■ **TASK BRIEF**
Return, with both end lines included, exactly what the data below holds from the line with "Tóc giả nguyên" through the line with "前後でフリルの位置を変えています。", though not the pictures.

-- MATERIAL PROVIDED follows --

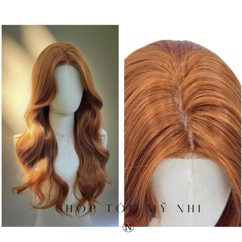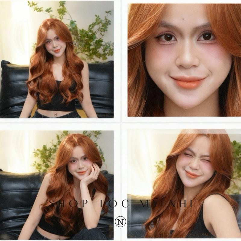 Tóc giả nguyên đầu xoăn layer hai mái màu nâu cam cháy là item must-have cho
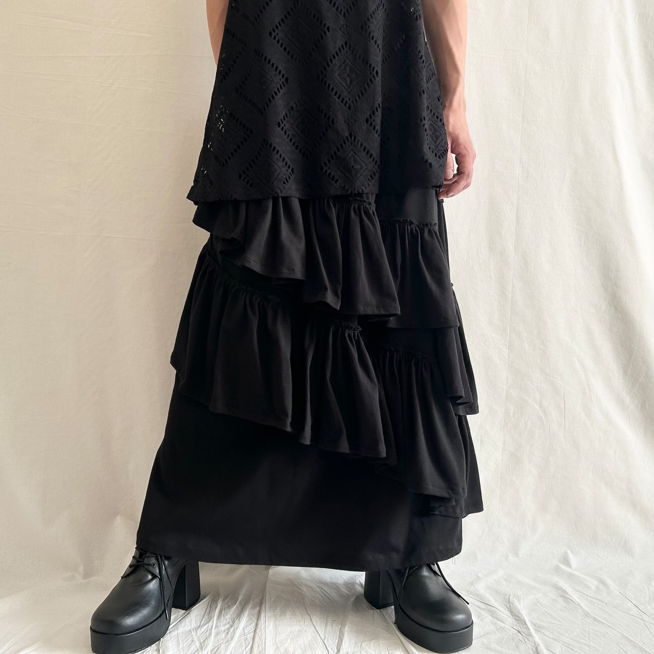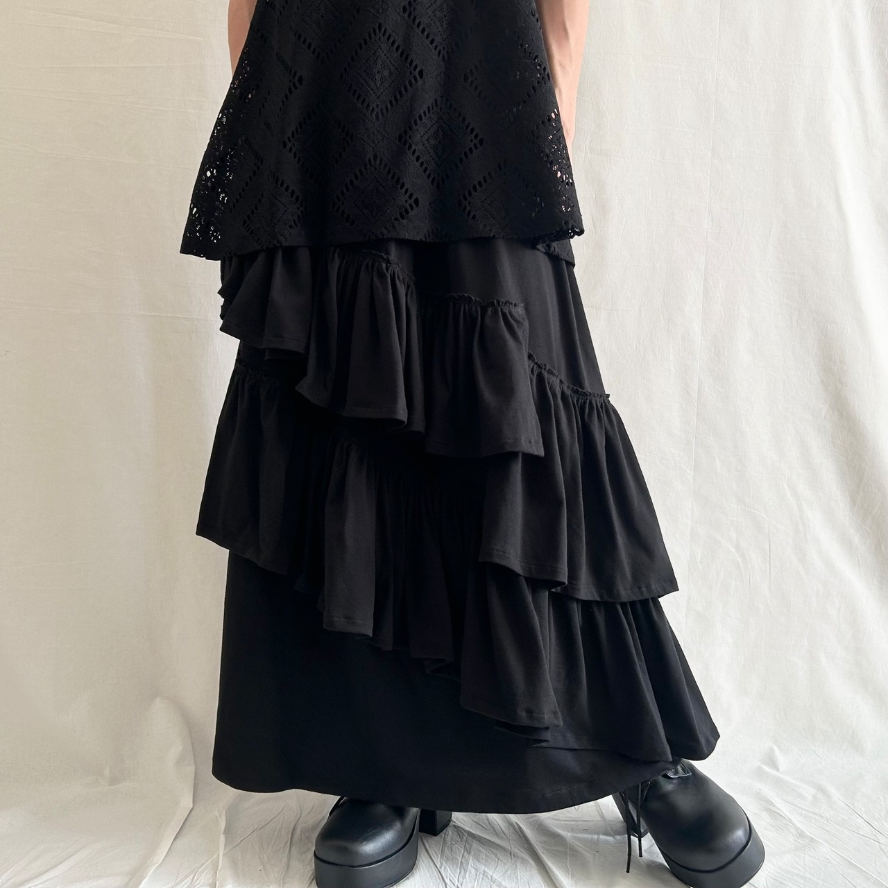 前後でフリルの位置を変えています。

-- MATERIAL PROVIDED concluded --
-- MATERIAL PROVIDED follows --

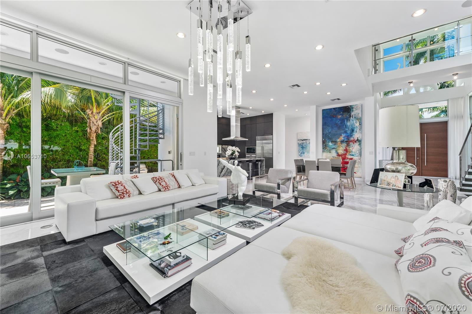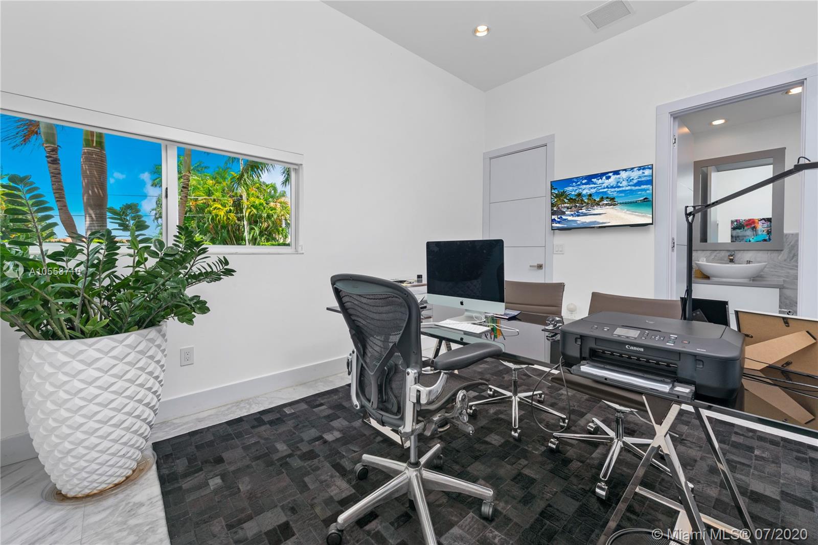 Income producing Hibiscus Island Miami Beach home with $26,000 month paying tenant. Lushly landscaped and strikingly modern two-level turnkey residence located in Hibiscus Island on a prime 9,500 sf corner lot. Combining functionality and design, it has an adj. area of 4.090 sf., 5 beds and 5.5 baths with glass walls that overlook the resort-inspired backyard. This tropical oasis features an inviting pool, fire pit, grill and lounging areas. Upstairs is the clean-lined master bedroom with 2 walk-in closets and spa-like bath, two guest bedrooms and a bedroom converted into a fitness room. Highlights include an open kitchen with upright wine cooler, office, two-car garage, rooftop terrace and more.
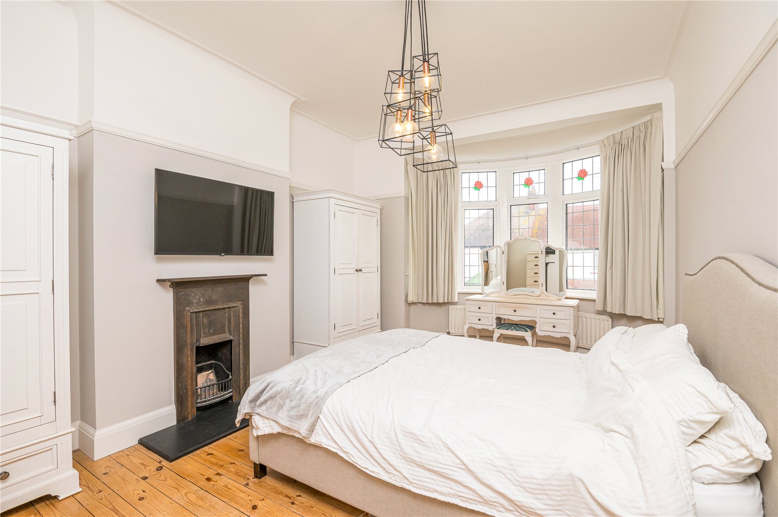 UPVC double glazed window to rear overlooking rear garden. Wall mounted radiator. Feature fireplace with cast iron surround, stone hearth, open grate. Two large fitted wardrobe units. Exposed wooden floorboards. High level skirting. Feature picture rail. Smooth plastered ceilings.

-- MATERIAL PROVIDED concluded --

■ **RESPONSE BELOW**
 Tóc giả nguyên đầu xoăn layer hai mái màu nâu cam cháy là item must-have cho
 前後でフリルの位置を変えています。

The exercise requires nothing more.